1: So theology, philosophy, church history, biblical studies, apologetics... fun stuff like that.

2: John Hick and Paul Knitter, eds., The Myth of Christian Uniqueness – Towards a Pluralistic Theology of Religions (Maryknoll, New York: Orbis Books, 1987), ch 6-9.

Ready for another article?

Rocky Munoz
Jesus-follower, husband, daddy, amateur theologian, former youth pastor, nerd, and coffee snob. Feel free to email me at almostheresy@gmail.com and follow me on Twitter (@rockstarmunoz)

2 Comments

  1. Nick, December 11, 2014 at 11:24 am:

    1. Christianity, especially Evangelical Christianity, has largely rejected Christ as a whole, so I would say yes, most definitely.

    2. Answering a question with a question is a cop-out, but is there life a reflection of Christ because they simply think he’s a good teacher, or because they actually believe they need him and his sacrifice in order to atone for their sins?

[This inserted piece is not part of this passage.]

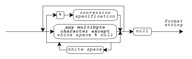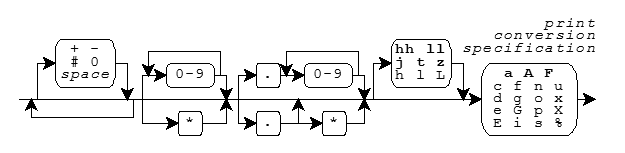 A format string has the same syntax for both the print functions and the scan functions, as shown in the diagram.

If it’s the first, then they’re just people who live life the way they should. If it’s the latter, then they’ve actually accepted Christ.

    3. I think that Evangelicals are deceptive in their discussions with everyone, even those within the Evangelical community. It’s a very high-and-mighty position where there’s no room for anyone but oneself.

    4. No. I think that would be akin to the Israelites making statues of Baal.

    • Rocky Munoz, December 17, 2014 at 10:22 pm:

      Hey there, Nick! Thank you so much for your response to the questions in this post. I found your answers interesting, to say the least. For one, it seems like you’ve got a bit of a grudge against evangelicals, “especially Evangelical Christianity, has largely rejected Christ as a whole,” “Evangelicals are deceptive in their discussions with everyone,” and being an evangelical is “a very high-and-mighty position where there’s no room for anyone but oneself.” I suppose I’m curious to know how you would define an evangelical. In how you responded to the fourth question, some might say you’re pretty evangelical yourself.

      (I’m pushing back only because I know you can take it.)